Oct 2026 · 0 citations · 68 references
Computer Science

Abstract

We propose D-DOIT (Discrete Doob-Oriented Inference-time Transformation), a training-free and efficient adaptation method for discrete diffusion models with generic rewards. D-DOIT formulates adaptation as sampling from a reward-tilted target distribution and realizes this transport through Doob's h-transform of the discrete diffusion reverse kernel, using only reward values rather than reward gradients. Unlike continuous diffusion, masked discrete diffusion samples categorical token-reveal transitions rather than continuous state updates. D-DOIT derives the corresponding discrete Doob's h-transform, which guides sampling by reweighting reverse transition probabilities instead of adding a drift correction. To make this transformation practical, D-DOIT avoids expensive future rollouts. At each guided step, D-DOIT samples candidate next states, uses the model prediction head to complete each candidate into a clean sequence, evaluates each completion with the reward oracle, and resamples the next state with probabilities proportional to the rewards.
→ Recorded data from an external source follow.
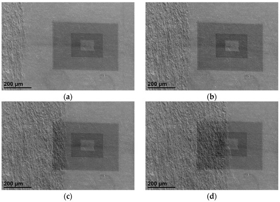 Figure 6 shows SEM images of a BTG that has grown from left to right (in the x1 direction) in the image with increasing compressive extensometer strain. The rectangular areas are due to hydrocarbon contamination in the SEM chamber being electrostatically attracted to the electron beam and deposited on the sample surface [59]; the analysed and mapped area was the centremost of these. Once an area was chosen for study, a reference mapping was made at zero load. The DC motor was driven and stopped as soon as a BTG appeared in view so that the BTG could be studied as it grew. The BTG grew from left to right in the images, and in Figure 6d had entered the analysed area. As the extensometer strain increased, other areas of the gauge zone underwent deformation so that the progress of the BTG in view was not necessarily linear with an increasing load. When a BTG had entered the analytical area, the motor was paused and an EBSD map made, which could be directly compared with the reference map to reveal the changes in the microstructure.
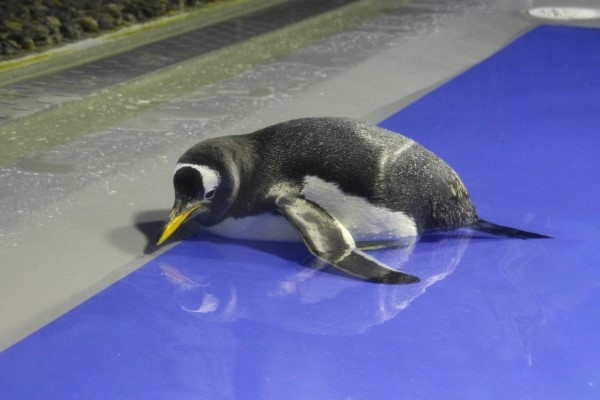 プールの浅瀬に寝転がって、おなかを水につけているジェンツー。現場では「あれなにやってるの?」と聞こえてきます。ハラ側の半身浴? 水に映る自分を見ている? 飼育員さんの見解は「遊んでいる」でした。越前松島水族館。
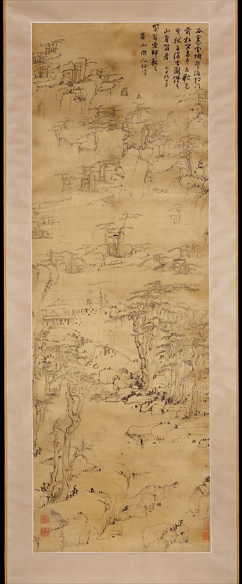 Strolling in a Misty Valley is Mei’s earliest extant work, done shortly after he moved to a new family residence in a scenic area south of Xuancheng. The painting shows him working in the dry, linear style typical of a number of late Ming painters, with angular rock formations and craggy pines loosely organized along a serpentine stream. Its style vaguely recalls the landscape forms of Huang Gongwang (1269–1354) and the spare brush idiom of Ni Zan (1306–1374). Painted just five years after the fall of the Ming dynasty, its allusions to these recluse-artists, who lived under the Mongol Yuan dynasty, clearly signal Mei’s own situation and loyalist sentiments.

An optional late-stage best-of-K refinement further improves sample quality by branching trajectories only near the end of denoising, avoiding the $K$-fold cost over the full trajectory. Empirically, across regulatory DNA design and protein inverse folding benchmarks, D-DOIT outperforms training-free guidance baselines. It improves enhancer activity and cell-type specificity while preserving sequence naturalness, and achieves the highest success rate in protein inverse folding.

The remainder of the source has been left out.